Patrick: Well, Sam, you've been super generous with your time today.

What an amazing conversation. If people want to learn more about you and what you're working on online, where would you send them for more information?

Sam: That's a great question, you can come find me @sramji at Twitter, take a look at what we're doing at DataStax for sure.

There'll be, I think, a lot more interest in data on Kubernetes in the near future.

That's a place that's just totally fascinating to me.

And then one more that I point out, which is datameshlearning.github.com.

And there's a really amazingly cool community shaping up there.

It's inspired by Zhamak Dehghani, who's a technology director at ThoughtWorks.

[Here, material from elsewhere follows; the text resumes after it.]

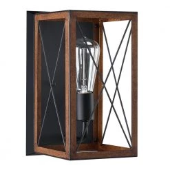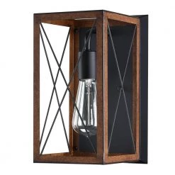 The 1-light Wall Lantern Sconce with Matte black and Barnwood accents creates a sense of classic barn-like that feels relaxation and convenience at home. The fixture with steel cage design features a faux-wood accents with a rich painted finish. The design of X-cage stretches across each side of the frame with farmhouse style reminds us the past of old barn doors and rustic gate in country farmhouse. The 1-light Lantern Sconce ideals for any hallway, kitchen, living room, bedroom in your home. It also ideals for real farmhouse, rustic, industrial. with 1 incandescent bulbs of up to 60-Watt ceil inside the cage (Bulbs are not included). Mount this classic farmhouse indoor wall light to warm up your home.
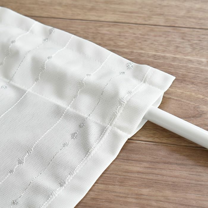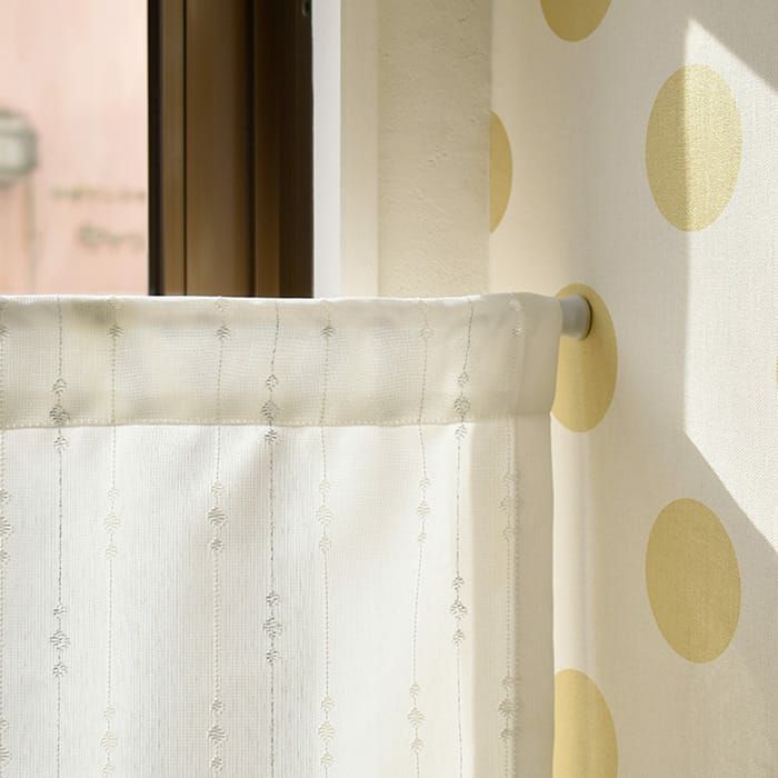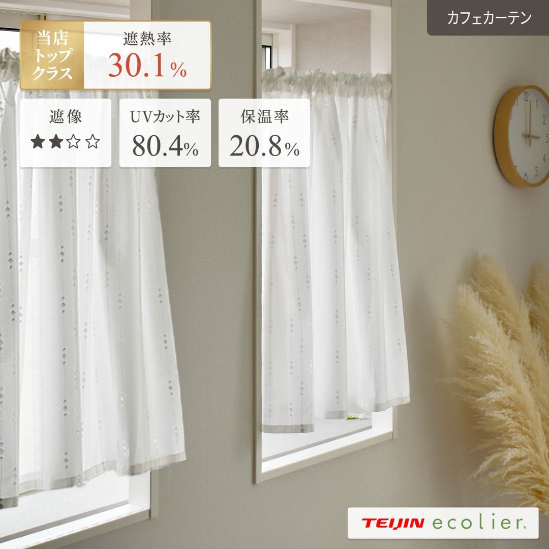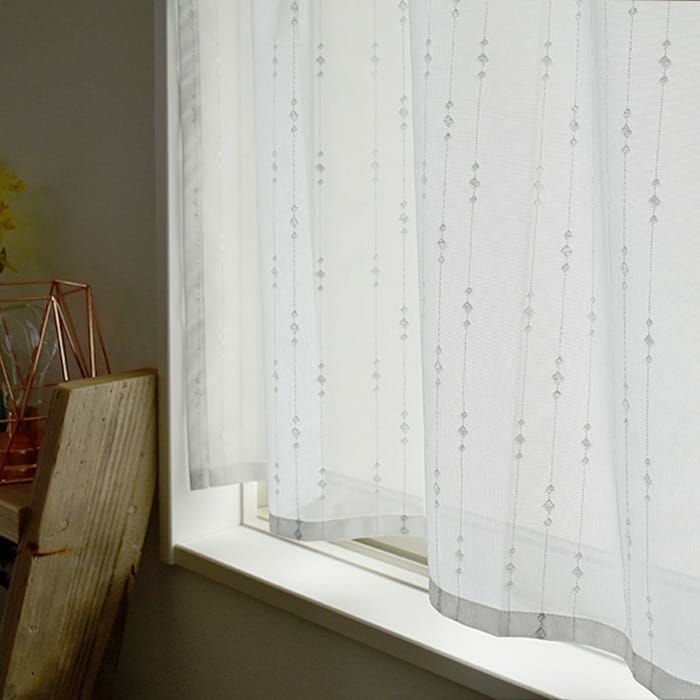 帝人の「エコリエ」の糸を使用したミラーレースカフェカーテンです。 飽きのこない光沢のあるストライプの刺繍でちょっとおしゃれな小窓にぴったりです。

And she's put together a bunch of the things that she's been learning about data architectures in the real world connecting the application plane with the analytics plane, and a community has kind of self generated on slack about, 800, 900 people already talking about architecture patterns.

How the old way is not working. What is a data mesh? So those are the shapes of my thoughts these days.

I haven't been publishing on blogs for a long time, so there's nothing novel there but I should get on it.

Patrick: Awesome. Sam, thank you so much for the time today. Really appreciate it.

Sam: Thank you, Patrick. Great to talk with you.